Animal husbandry and monitoring of animal health
NOD mice and SOCS1-tg mice on a NOD background (both from in-house breeding) were housed in specific pathogen-free conditions at Karolinska Institutet, Stockholm, Sweden. Ethics approval was granted for all experiments by the local ethics committee and were conducted in accordance with the NIH Principles of Laboratory Animal Care and national laws in Sweden. Extended health monitoring of mice was performed. Additional information is provided in the ESM Methods: Animals, together with details of primers used for SOCS1-tg mouse genotyping (ESM Table 1).
Virus and vaccine production
A CVB1 field isolate (CVB1-V200; [3]), was propagated in Vero cells (ECACC no. 84113001; mycoplasma negative), purified and then formalin inactivated for 3 days at 37°C to produce CVB1 vaccine. See ESM Methods: Vaccine production and Hankaniemi et al [7] for more details. Mice were infected with CVB1-10796 (propagated in HeLa cells, originally obtained from R Glas, Karolinska Institutet, Stockholm, Sweden, mycoplasma negative).
Vaccinations
Male and female age-matched NOD and SOCS1-tg mice (4–7 weeks old) were randomly assigned to groups and vaccinated on days 0, 14 and 28 with non-adjuvanted vaccine containing 1.8 μg protein (n = 8 and n = 7, respectively) or mock-vaccinated with vaccine buffer (M199-0.1% Tween80 (vol./vol.), 150 μl, n = 6 for NOD and for SOCS1-tg mice) by interscapular injection [6, 7]. Serum was collected before vaccinations and infection (day 35) by tail bleeding (experimental timeline displayed in Fig. 1a). The study was not blinded to the experimenter.
Infections
Mice were challenged with 106 plaque forming units (PFU) CVB1-10796 (diluted in serum-free RPMI to a final volume of 200 μl, administered by intraperitoneal injection, with the dose carefully optimised, data not shown) on day 35. Blood samples were collected on day 3 post infection (p.i.; 1:1 ratio with 12 mmol EDTA). NOD mice were killed on day 3 p.i. and pancreases saved for virus quantification and histological analysis. SOCS1-tg mice were monitored until diabetes development or day 21 p.i. and pancreases saved for histological analysis.
Monitoring of blood glucose and diabetes development
Blood glucose was measured in blood obtained from the tail-vein with a Bayer Contour XT blood glucose meter (Bayer, Basel, Switzerland) and a glucose concentration >18 mmol/l, or two consecutive measurements between 13 and 18 mmol/l were used to define diabetes and diabetic mice were killed.

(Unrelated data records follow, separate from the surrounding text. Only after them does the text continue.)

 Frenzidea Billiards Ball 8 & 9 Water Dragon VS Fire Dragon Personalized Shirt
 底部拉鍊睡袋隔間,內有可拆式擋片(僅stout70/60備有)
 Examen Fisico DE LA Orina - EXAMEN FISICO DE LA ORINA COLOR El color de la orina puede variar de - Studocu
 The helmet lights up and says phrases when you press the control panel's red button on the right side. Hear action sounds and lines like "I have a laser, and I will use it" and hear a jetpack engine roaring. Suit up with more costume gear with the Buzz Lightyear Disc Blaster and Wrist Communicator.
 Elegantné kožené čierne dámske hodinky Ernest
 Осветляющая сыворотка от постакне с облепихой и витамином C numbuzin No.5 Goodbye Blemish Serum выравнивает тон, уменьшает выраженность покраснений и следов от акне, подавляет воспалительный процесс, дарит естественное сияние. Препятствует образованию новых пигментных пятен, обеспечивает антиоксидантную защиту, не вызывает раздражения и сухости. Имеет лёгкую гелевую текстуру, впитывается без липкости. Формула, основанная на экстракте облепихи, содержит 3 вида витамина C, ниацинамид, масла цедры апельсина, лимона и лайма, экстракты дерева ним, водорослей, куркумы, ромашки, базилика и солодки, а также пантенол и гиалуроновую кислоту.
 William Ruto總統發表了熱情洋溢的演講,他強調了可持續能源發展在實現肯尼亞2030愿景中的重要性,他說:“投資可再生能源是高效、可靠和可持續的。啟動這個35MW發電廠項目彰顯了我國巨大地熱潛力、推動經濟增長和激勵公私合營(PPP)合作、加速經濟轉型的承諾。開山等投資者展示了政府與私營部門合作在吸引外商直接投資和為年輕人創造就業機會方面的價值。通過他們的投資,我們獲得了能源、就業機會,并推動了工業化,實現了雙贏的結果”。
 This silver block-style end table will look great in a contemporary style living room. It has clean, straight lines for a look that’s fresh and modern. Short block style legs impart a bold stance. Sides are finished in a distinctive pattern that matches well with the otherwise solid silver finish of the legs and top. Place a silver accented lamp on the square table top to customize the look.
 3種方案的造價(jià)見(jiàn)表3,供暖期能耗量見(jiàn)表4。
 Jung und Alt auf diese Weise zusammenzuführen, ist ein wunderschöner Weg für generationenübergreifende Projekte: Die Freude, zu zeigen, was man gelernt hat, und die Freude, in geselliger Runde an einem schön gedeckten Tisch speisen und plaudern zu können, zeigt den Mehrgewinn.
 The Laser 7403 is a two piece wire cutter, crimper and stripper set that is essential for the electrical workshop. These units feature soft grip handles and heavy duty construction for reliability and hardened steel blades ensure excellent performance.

Neutralising antibody detection
Neutralising antibody titres were determined by standard virus plaque reduction assay in green monkey kidney (GMK) cells (National Institute for Health and Welfare, Finland; mycoplasma negative) [3]. Plaque number reduction ≥80% compared with untreated virus suspension was considered positive. The detection limit of the assay was a fourfold dilution (1:4), and positivity cut-off for serum samples was set to ≥1:16.
Virus titration
Pancreases were homogenised and lytic virus quantified in either blood or pancreas by standard plaque assay in GMK cells. Viral titres are expressed as PFU/g of tissue or ml of blood. See ESM Methods: Virus titration and tissue homogenisation for more details.
PCR analysis
Enterovirus specific real-time PCR was performed using RNA extracted from blood samples; see ESM Methods: PCR analysis and Honkanen et al [8] for further details. Primers are shown in ESM Table 2.

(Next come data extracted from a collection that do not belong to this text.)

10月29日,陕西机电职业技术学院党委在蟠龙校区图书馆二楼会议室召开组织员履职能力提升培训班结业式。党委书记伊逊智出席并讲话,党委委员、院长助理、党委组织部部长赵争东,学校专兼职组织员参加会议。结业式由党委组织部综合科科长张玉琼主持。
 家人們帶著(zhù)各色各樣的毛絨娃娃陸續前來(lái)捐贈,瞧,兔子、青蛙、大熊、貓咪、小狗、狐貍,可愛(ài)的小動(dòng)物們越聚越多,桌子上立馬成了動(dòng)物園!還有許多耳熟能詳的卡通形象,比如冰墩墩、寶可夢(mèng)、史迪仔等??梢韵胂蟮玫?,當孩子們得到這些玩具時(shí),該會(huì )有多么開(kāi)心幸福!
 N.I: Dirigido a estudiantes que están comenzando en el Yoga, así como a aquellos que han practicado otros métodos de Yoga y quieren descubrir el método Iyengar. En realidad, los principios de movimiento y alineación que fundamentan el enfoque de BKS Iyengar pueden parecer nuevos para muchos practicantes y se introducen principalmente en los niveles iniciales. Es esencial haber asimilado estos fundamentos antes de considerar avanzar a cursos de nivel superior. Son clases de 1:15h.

Histological analysis and immunohistochemistry
Histological analysis and immunohistochemistry of pancreas samples with viral capsid protein 1 (VP1), insulin and glucagon were carried out as in Flodström et al and Larsson et al ([4, 6]; ESM Methods: Immunohistochemistry and antibodies).
Statistical analysis
Statistical analyses were executed using Prism 5 software (GraphPad, La Jolla, CA, USA). PCR and VP1 immunohistochemistry data were analysed by χ
2 tests. Plaque assay virus titrations were analysed by Mann–Whitney U test. Neutralising antibody data was analysed by one-way ANOVA. Diabetes incidence was analysed by log rank Mantel–Cox test. Data are expressed as the mean ± SD. A p value ≤0.05 was regarded statistically significant.